DATASET ->
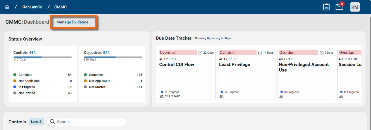 When you open the CMMC app, your dashboard appears. The dashboard is composed of three sections: Status Overview, Due Date Tracker, and Controls. You track your work in the Controls section. The Status Overview and Due Date Tracker show you how far along you are in the process and what components are overdue or are coming due.
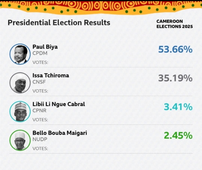 As Biya prepares to embark on another seven-year term, Cameroonians remain divided some viewing his victory as a symbol of continuity and experience, others as a sign of political stagnation and democratic fatigue.
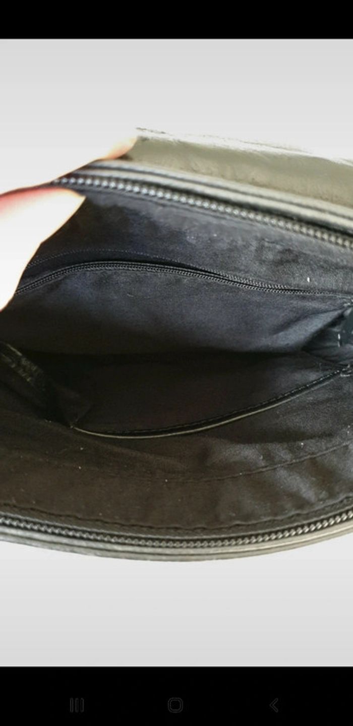 Sac a main noir avec un dessin façon cuire. Il est bon état. Il possède plusieurs poches. Il mesure environ 24cm par 26cm de haut. #eve.08_sacamain
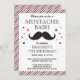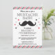 Fun moustache bash birthday party invitation featuring a funny black moustache surrounded by red and grey stars. Top and bottom are borders made of diagonal stripes. Customisable black text. Fun retro design for kids parties. For custom requests or help with customising please use the store contact link above.
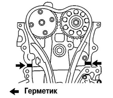 3. Нанесите герметик на крышку цепи привода ГРМ, как показано на рисунке (толщина слоя 3–4 мм).
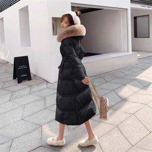 奢級長版極暖羽絨外套大衣 | 高奢連帽狐狸大毛領 | 3D立體廓形剪裁不挑身型 | 90%大朵白鴨絨 | 四層鎖絨科技 | 氣質百搭奢級女士羽絨大衣外套
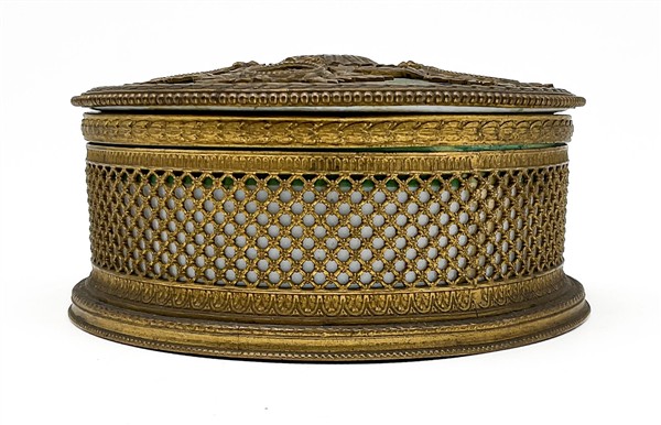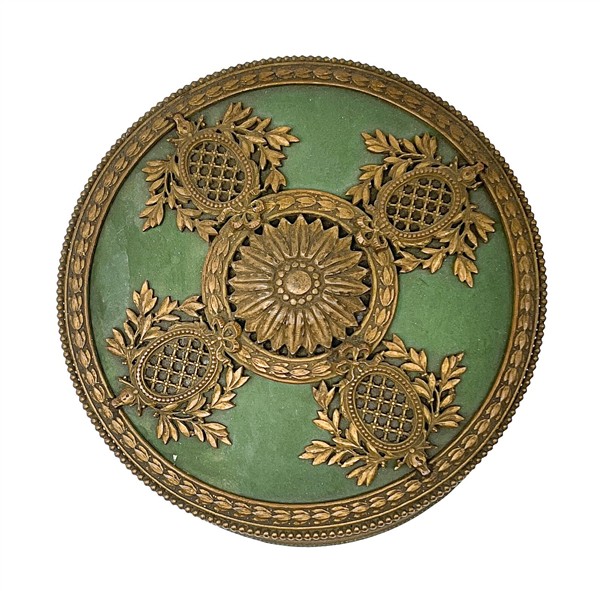 Manifattura di Sèvres, secolo XIX. Scatola con coperchio in porcellana di forma circolare dipinta in monocromia verde con montatura in metallo traforato e dorato. Marcata sotto la base (d cm 11, h cm 5) (difetti e restauri)
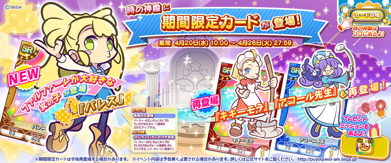 あたらしいカードがゲットできる、時の神殿も開かれるよ!
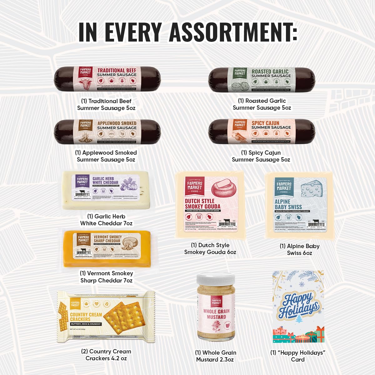 - Q: What types of sausages are included in the Farmers Market Gift Basket? A: The Farmers Market Gift Basket includes a variety of sausages such as Traditional Beef, Roasted Garlic, Spicy Cajun, and Applewood Smoked.
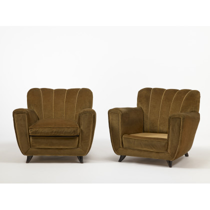 (attribuito) Coppia di poltrone imbottite con struttura in legno e rivestimento in velluto color senape. Gambe tornite in legno. Esecuzione italiana anni 40. (cm 93x76x90) (lievi difetti, mancanti di un cuscino)
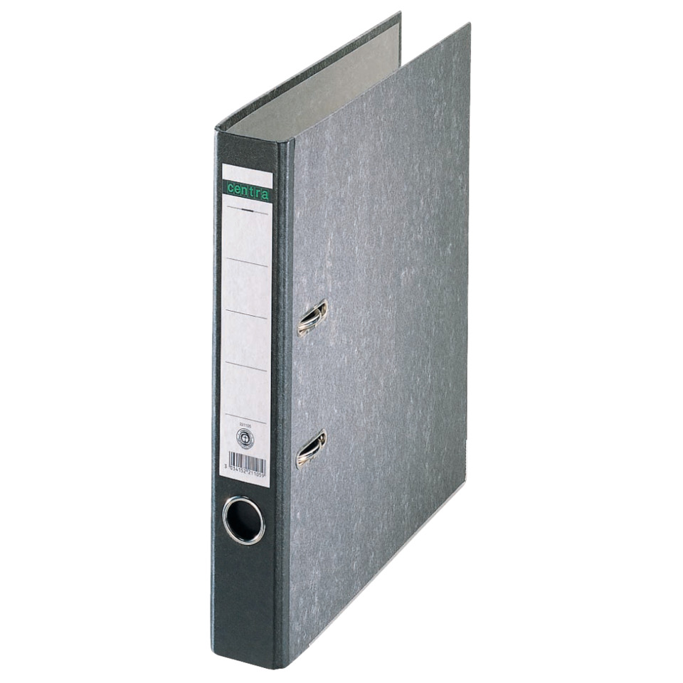 Ordner Standard, mit Hebelmechnik. Mit Schlitzen, mit Griffloch, mit Kantenschutz, mit aufgeklebtem Rückenschild. Material: Einband aus Pappe (RC), mit Wolkenmarmor-Papier kaschiert. Format: für A4, 317 x 285 mm, Rückenbreite: 52 mm. Farbe: schwarz.
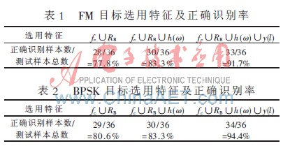 本方案主要对外场采集的高速运动通信设备(FM/BPSK)进行试验分析。实验选择载频(fc)、码速率(RB)、杂散频率(h(ω))、高阶谱(y(l))等四类特征参数来对不同的空间通信目标进行个体识别。实验中,用于分析空间信号个体特征分类性能的数据来自6部不同高速车载通信设备,其中FM和BPSK调制制式的数据样本各60组。每一类个体随机挑选4个样本用于训练分类器,其余样本用作分类测试。数据分析结果如表1和表2所示。
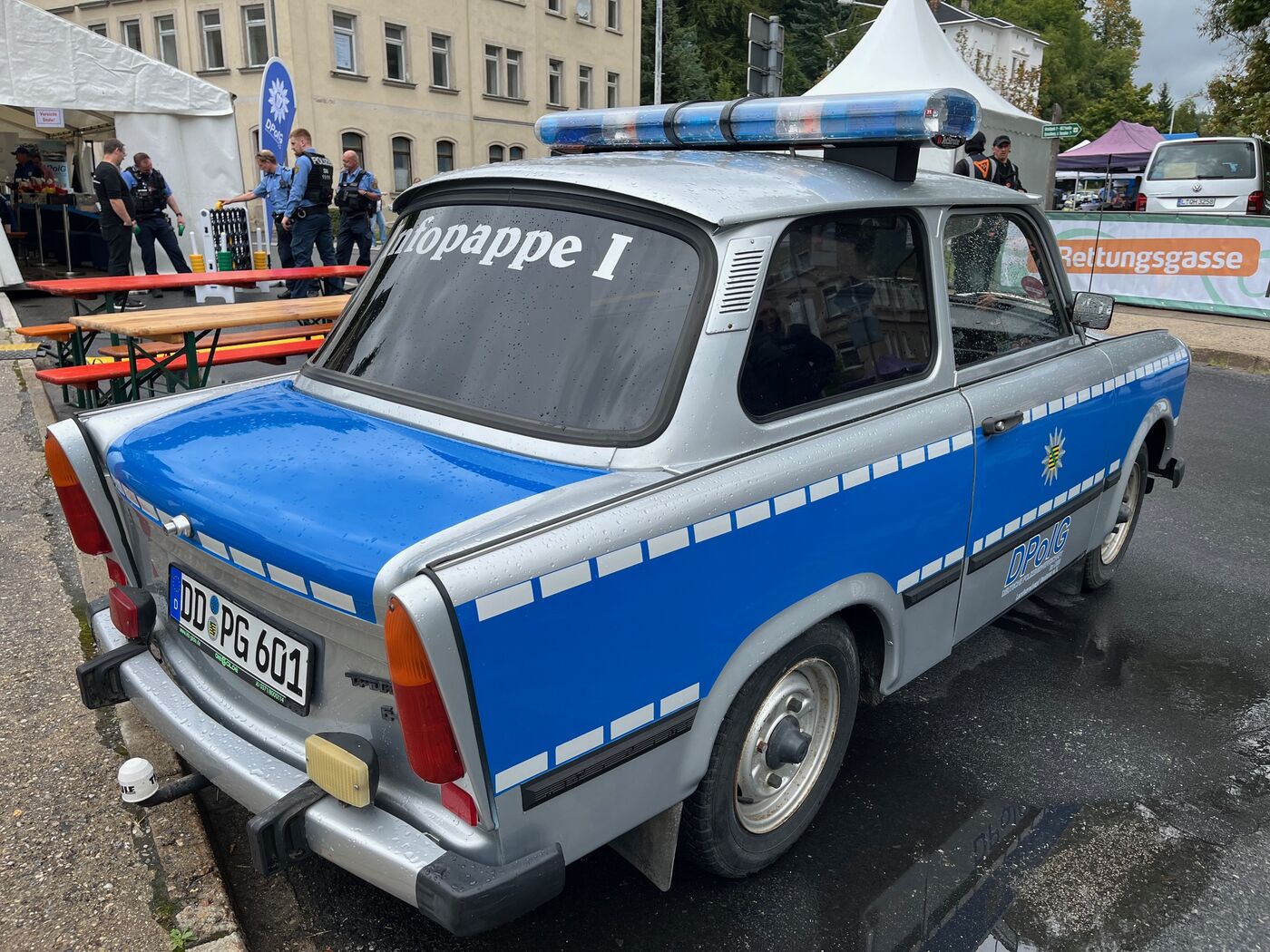 Der Polizei-Trabi, die sogenannte "Infopappe", steht direkt an der Blaulichtmeile
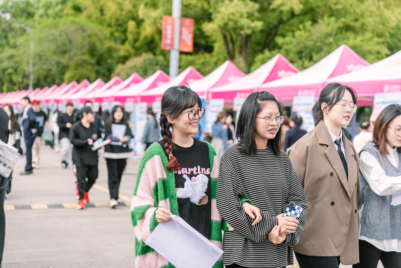 据悉,本次招聘会吸引丽水近300家用人单位参加,设置岗位千余个,其中还在党群服务中心设置了民建企业专场,为同学们提供了多类型、多层次的就业选择。招聘会现场人头攒动、气氛热烈,不少企业面前围起了前来咨询的同学。同学们积极与用人单位进行沟通,招聘单位工作人员就同学们关心的岗位需求与薪资待遇等问题进行了耐心的解答。热烈的气氛还吸引了很多非毕业班的同学前来驻足观摩,提前了解企业招聘流程及要求。

WHAT THE TASK REQUIRES ->
When you reach the line with "Sac a main noir" in the records above, begin repeating the lines exactly, and stop after the line with "Ordner Standard, mit". Skip all pictures.

RESPONSE ->
 Sac a main noir avec un dessin façon cuire. Il est bon état. Il possède plusieurs poches. Il mesure environ 24cm par 26cm de haut. #eve.08_sacamain
 Fun moustache bash birthday party invitation featuring a funny black moustache surrounded by red and grey stars. Top and bottom are borders made of diagonal stripes. Customisable black text. Fun retro design for kids parties. For custom requests or help with customising please use the store contact link above.
 3. Нанесите герметик на крышку цепи привода ГРМ, как показано на рисунке (толщина слоя 3–4 мм).
 奢級長版極暖羽絨外套大衣 | 高奢連帽狐狸大毛領 | 3D立體廓形剪裁不挑身型 | 90%大朵白鴨絨 | 四層鎖絨科技 | 氣質百搭奢級女士羽絨大衣外套
 Manifattura di Sèvres, secolo XIX. Scatola con coperchio in porcellana di forma circolare dipinta in monocromia verde con montatura in metallo traforato e dorato. Marcata sotto la base (d cm 11, h cm 5) (difetti e restauri)
 あたらしいカードがゲットできる、時の神殿も開かれるよ!
 - Q: What types of sausages are included in the Farmers Market Gift Basket? A: The Farmers Market Gift Basket includes a variety of sausages such as Traditional Beef, Roasted Garlic, Spicy Cajun, and Applewood Smoked.
 (attribuito) Coppia di poltrone imbottite con struttura in legno e rivestimento in velluto color senape. Gambe tornite in legno. Esecuzione italiana anni 40. (cm 93x76x90) (lievi difetti, mancanti di un cuscino)
 Ordner Standard, mit Hebelmechnik. Mit Schlitzen, mit Griffloch, mit Kantenschutz, mit aufgeklebtem Rückenschild. Material: Einband aus Pappe (RC), mit Wolkenmarmor-Papier kaschiert. Format: für A4, 317 x 285 mm, Rückenbreite: 52 mm. Farbe: schwarz.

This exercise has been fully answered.